Exercise requirements ▸
Please give the whole listing again word for word, and drop any pictures it holds.

Given data ▸
══════════════════════════════

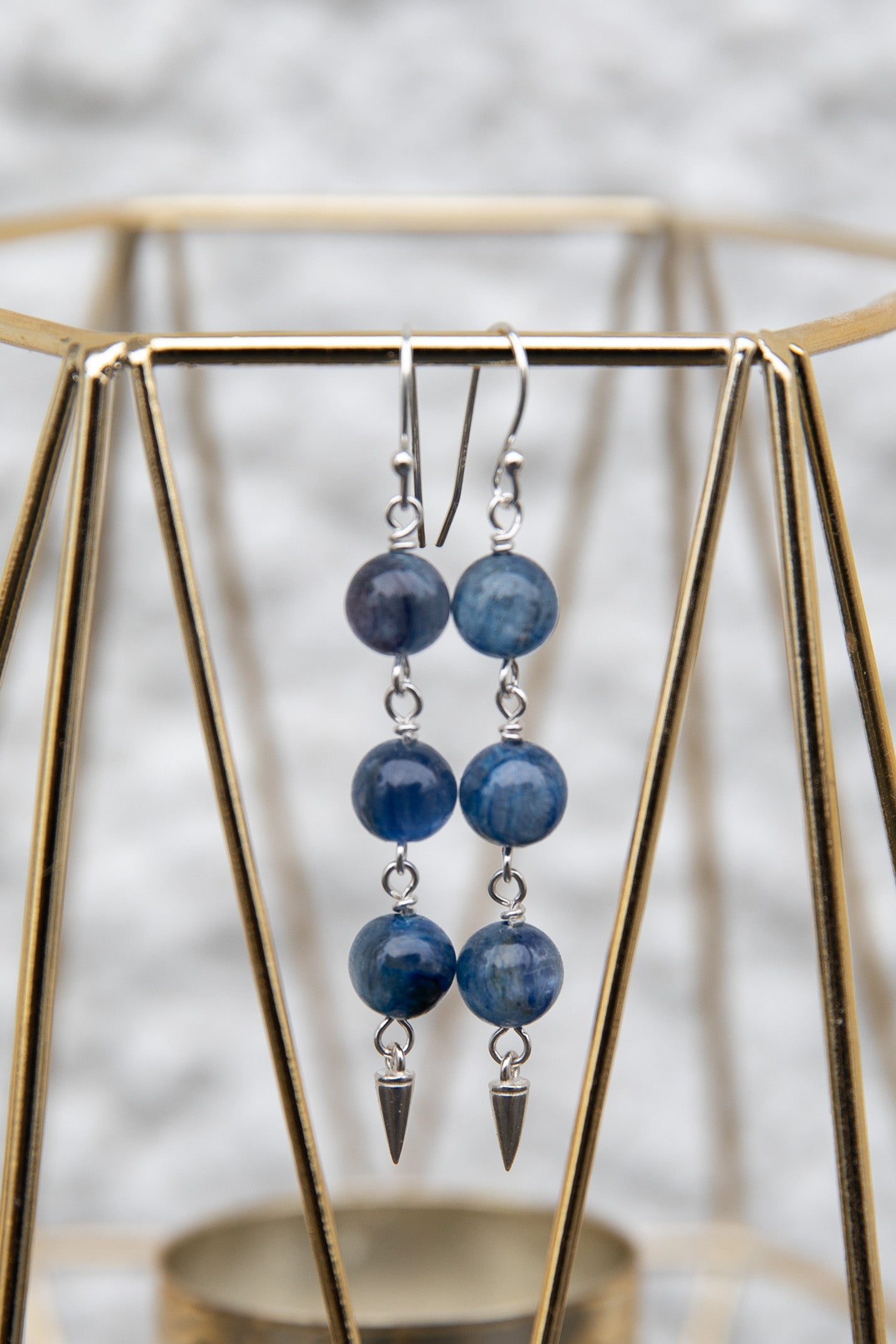 Eyrnalokkar gerðir úr 925 sterling silfri og slípuðum Kyanite stein.
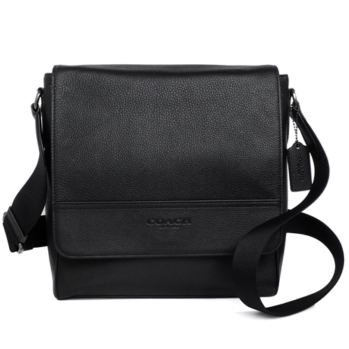 COACH男士斜背包,以簡約方型搭配便利隱藏式磁釦上翻蓋開合,內裡設置一拉鍊袋、外部背面一開口夾層,大小適中、百搭實用。
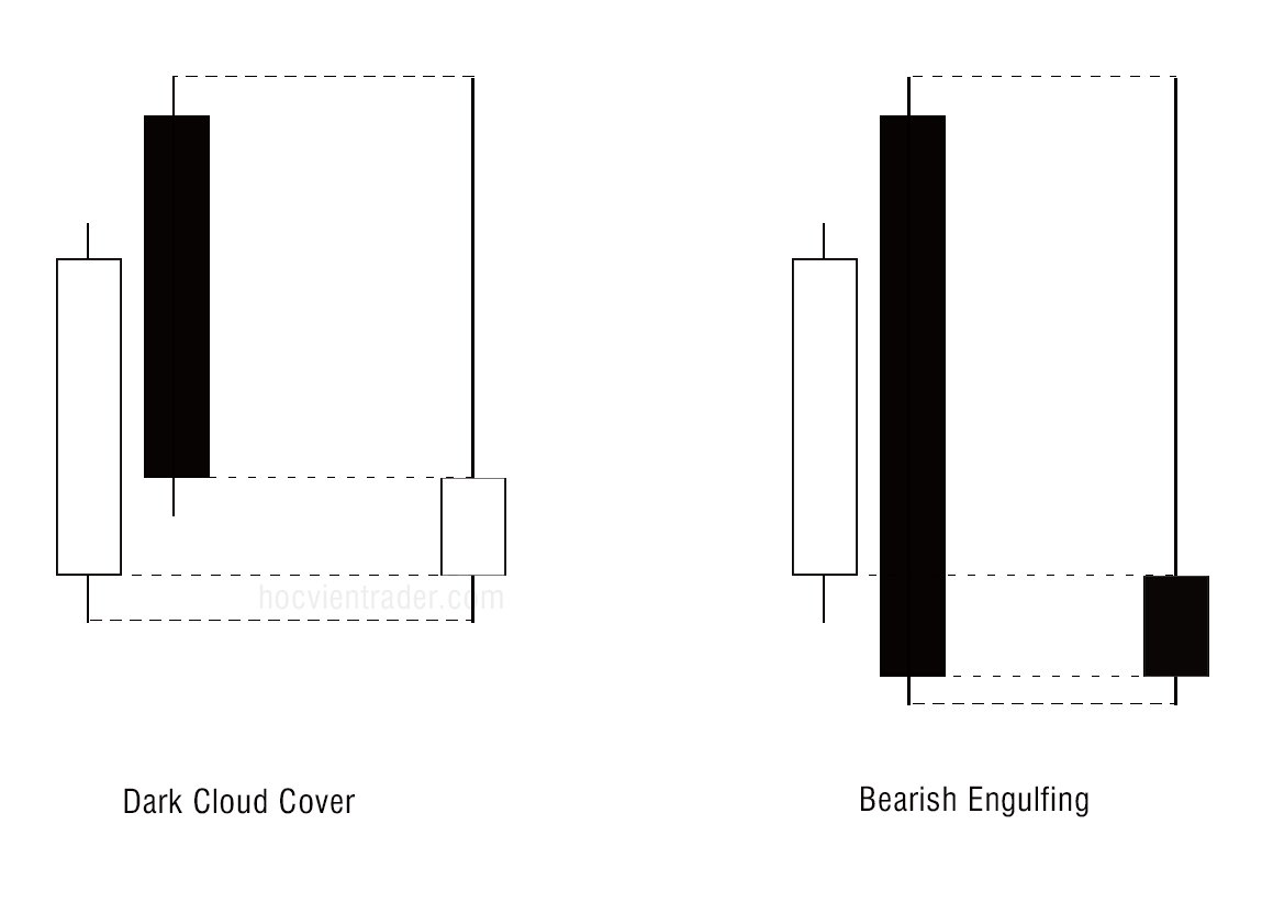 So sánh nến Bearish Engulfing và nến Dark Cloud Cover (Mây đen che phủ)
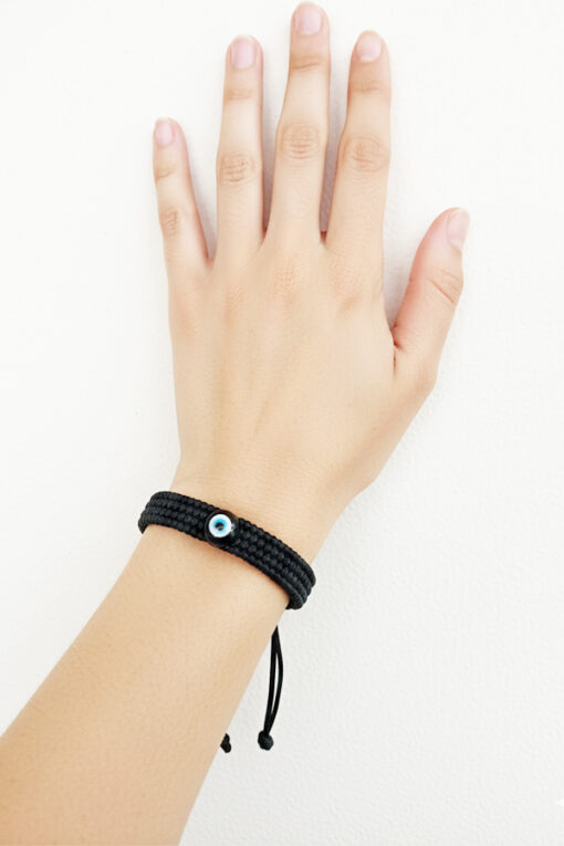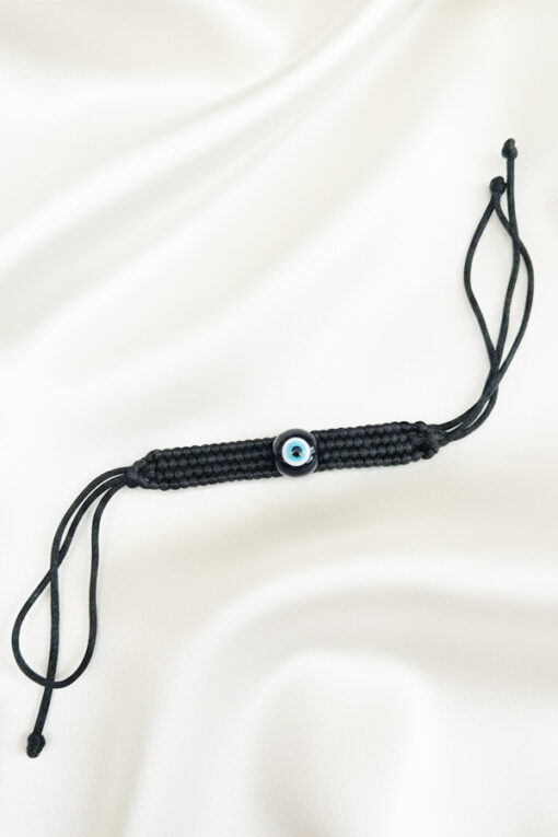 Often referred to as a “Nazariya,” this accessory is a timeless talisman believed to shield the wearer from the “evil eye” and ward off negative energies. The centerpiece is a traditional round blue Evil Eye bead made of glass, featuring concentric circles of blue, white, and black. It is securely woven into a durable black macramé cord, crafted with a sturdy square knot pattern that adds texture and resilience to the design. In many traditions, the black thread itself is considered grounding and absorbent of negativity, doubling the protective intent of the piece. Designed for everyday wear, the bracelet is lightweight, waterproof, and features a convenient adjustable sliding knot. This allows you to easily loosen or tighten the band for a perfect, custom fit on any wrist size. Its minimalist, unisex design makes it suitable for men, women, and children alike. Wear it alone for a subtle statement or stack it with your watch and other bracelets for a layered look.

══════════════════════════════

Task output ▸
 Eyrnalokkar gerðir úr 925 sterling silfri og slípuðum Kyanite stein.
 COACH男士斜背包,以簡約方型搭配便利隱藏式磁釦上翻蓋開合,內裡設置一拉鍊袋、外部背面一開口夾層,大小適中、百搭實用。
 So sánh nến Bearish Engulfing và nến Dark Cloud Cover (Mây đen che phủ)
 Often referred to as a “Nazariya,” this accessory is a timeless talisman believed to shield the wearer from the “evil eye” and ward off negative energies. The centerpiece is a traditional round blue Evil Eye bead made of glass, featuring concentric circles of blue, white, and black. It is securely woven into a durable black macramé cord, crafted with a sturdy square knot pattern that adds texture and resilience to the design. In many traditions, the black thread itself is considered grounding and absorbent of negativity, doubling the protective intent of the piece. Designed for everyday wear, the bracelet is lightweight, waterproof, and features a convenient adjustable sliding knot. This allows you to easily loosen or tighten the band for a perfect, custom fit on any wrist size. Its minimalist, unisex design makes it suitable for men, women, and children alike. Wear it alone for a subtle statement or stack it with your watch and other bracelets for a layered look.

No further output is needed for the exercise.